Analysis of the differential expression of microRNAs by CLL cells that use unmutated versus mutated immunoglobulin heavy-chain variable subgenes (IGHV) and/or express versus lack expression of the zeta-associated protein of 70 kDa (ZAP-70) revealed that microRNAs have specific expression profiles in these CLL subtypes, and are also different from normal B cells. Altogether ~ 18 microRNAs were identified as differentially expressed between CLL cases divided based on the germline homology of their IGHV and/ or ZAP-70 expression (reviewed in [3]). Some of these differentially expressed microRNAs (such as miR-29, miR-181) were implicated in the regulation of anti-apoptotic proteins myeloid leukemia cell differentiation protein 1 (Mcl1) or T-cell leukemia 1 (Tcl1) [3], but an unbiased approach for identification of genes regulated by these microRNAs is still lacking. Results of these studies, however, suggested that microRNAs might contribute to regulation of the activated phenotype of CLL B cells and/or heterogeneity in BCR signaling propensity observed among CLL cell samples. Following this hypothesis, two recent publications compared the changes in microRNA expression after stimulation of BCR or Toll-like receptors on normal and CLL B cells. Li and colleagues [7] noted that the microRNA expression profile of CLL cells resembles that of B cells activated by treatment with anti-immunoglobulin M (IgM) or CpG. In general, the differences in microRNA expression profile between “ germinal center ” and “ non-germinal center ” B cells resemble those observed by expression profiling of protein-coding genes [4]. Additionally, Bomben and colleagues [8] suggested that the microRNAs induced upon treatment with CpG regulated genes encoding pro-survival and growth-promoting proteins induced by stimulation of Toll-like receptors. This appears in part to be regulated by c-MYC, which can bind the promoters of microRNAs, such as those of the miR-17-92 cluster, to induce expression of such microRNAs. Additionally, certain Toll-like receptors can also be directly stimulated upon binding microRNA molecules secreted by different cell types and/or transported via exosomes. This could be an important link between the tumor microenvironment and the intracellular machinery that orchestrates B cell activation and responsiveness to microenvironmental stimuli.

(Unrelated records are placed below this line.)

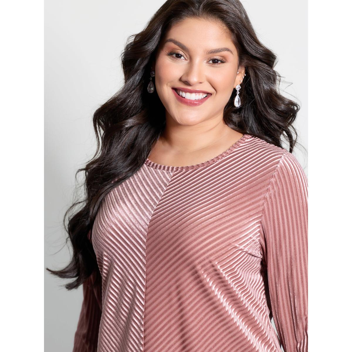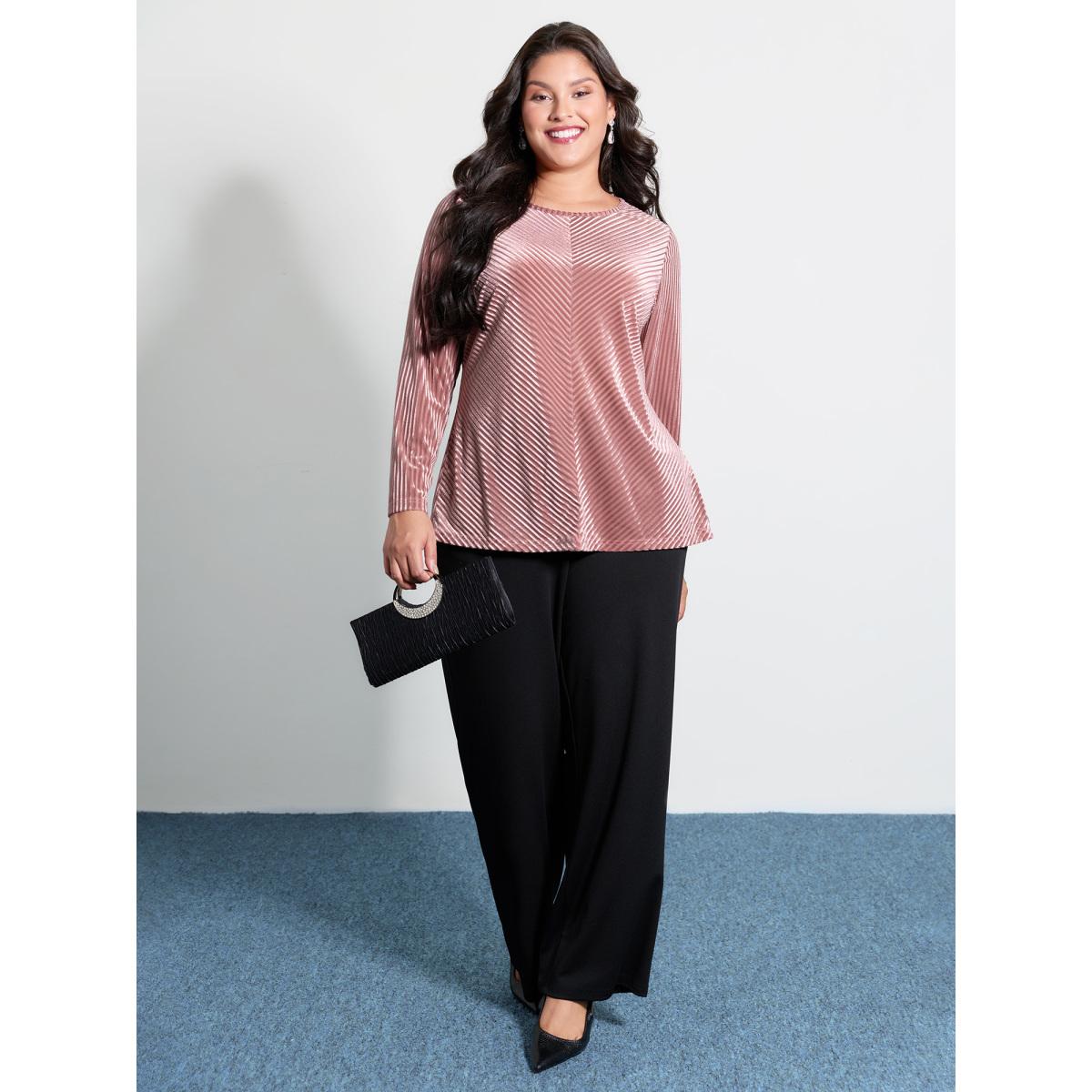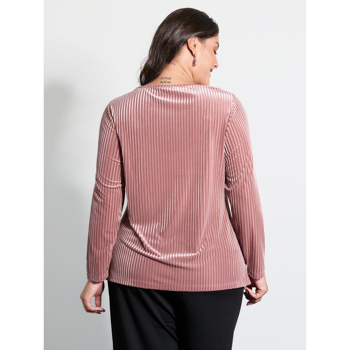 Plus Size Velvet Laser Cut Stripe Sheer T-Shirt DustyPink Women Party&Cocktail Round Neck Party T-shirts BloomChic 30/6X
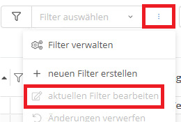 Wenn ein Filter aktiv ist, können Sie diesen über die Filteroptionen unter aktuellen Filter bearbeiten bearbeiten.
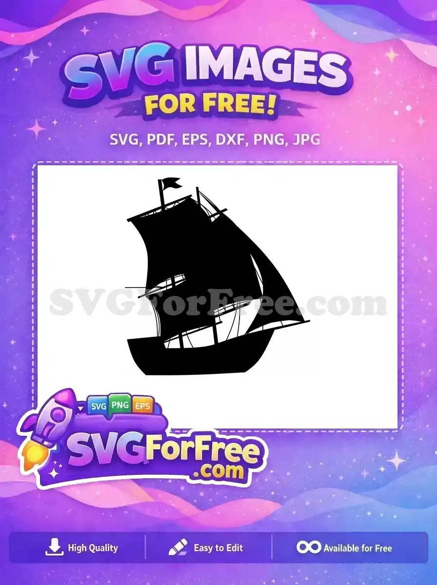 Discover this majestic free sailing ship design, perfect for maritime themes. A versatile free vector graphic for all your creative projects.
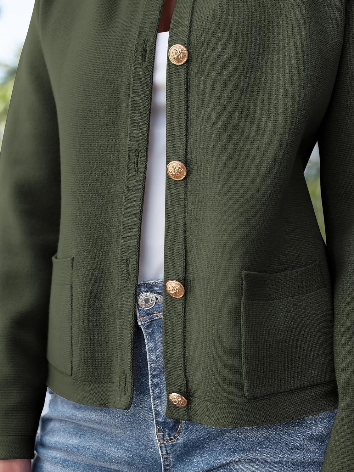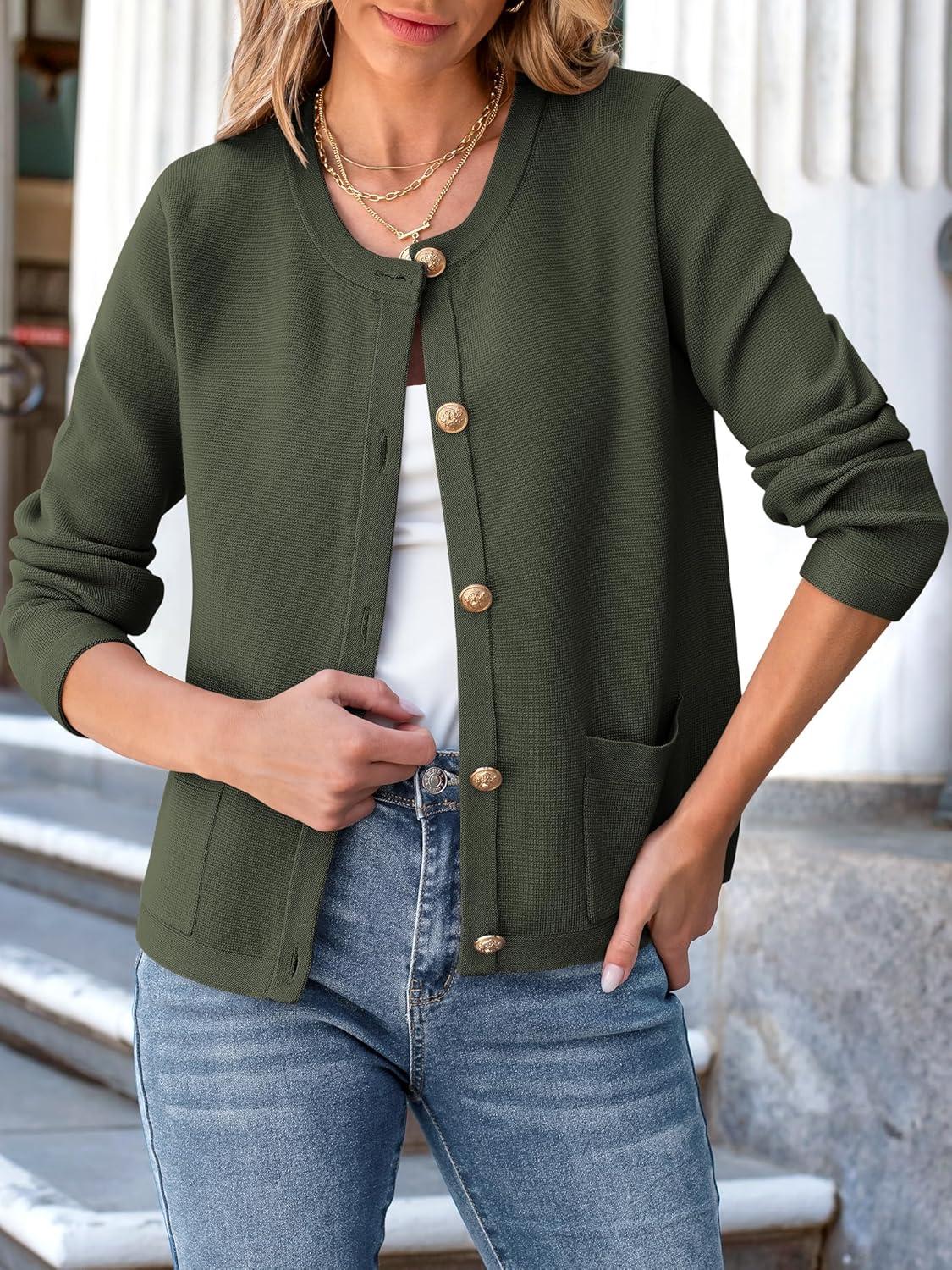 ANRABESS Women Striped Cardigan Sweaters Button Down Cropped Knit Lady Jackets Coat 2025 Fall Outfits Trendy Clothes(Army Green)

It is noteworthy that many of the microRNAs that are affected by BCR-stimulation in CLL and/or normal B cells are also those that are differentially expressed between cases of CLL with favorable versus unfavorable prognosis (Table I). This suggests that microRNAs might directly or indirectly influence activation in response to BCR ligation and/or disease progression in CLL. However, only a few of the micro-RNAs are known to behave like classical proto-oncogenes, with the possible exception of miR-155, which is expressed at high levels in B cell malignancies and can induce polyclonal B cell expansion and lymphomas in transgenic mice [2]. MicroRNA-155 is up-regulated in response to BCR ligation, and appears to play a role in the development of T and B cell immunity, particularly the formation and maintenance of plasma cells secreting IgG [9]. Microarray analysis revealed that deletion of miR-155 may result in the enhanced expression of a large number of target genes [2], most notably the transcription factor PU.1, activation-induced cytidine deaminase (AID) and BCR-associated phosphatase SHIP-1. As is likely the case with all microRNAs, however, the effects of increased or decreased expression of miR-155 are context-dependent and vary depending upon the relative expression of numerous target mRNAs in any given cell type. Recently, we found in CLL cells that PU.1 is likely targeted by miR-155, which is expressed depending upon the methylation status of its promoter and the transcription factor MYB [10]. The induced expression of miR-155 in B cells following BCR ligation requires cellular activation via extracellular signal-regulated kinase (ERK)-, Jun N-terminal kinase (JNK)- and nuclear factor-κB (NF-κB)-dependent pathways, which are themselves regulated by microRNAs [11,12]. In this regard, it is noteworthy that Epstein – Barr virus (EBV)-encoded latent membrane protein-1 (LMP1) contributes to EBV ’ s oncogenic potential by up-regulating miR-155 in the infected B cells through activation of NF-κB [12].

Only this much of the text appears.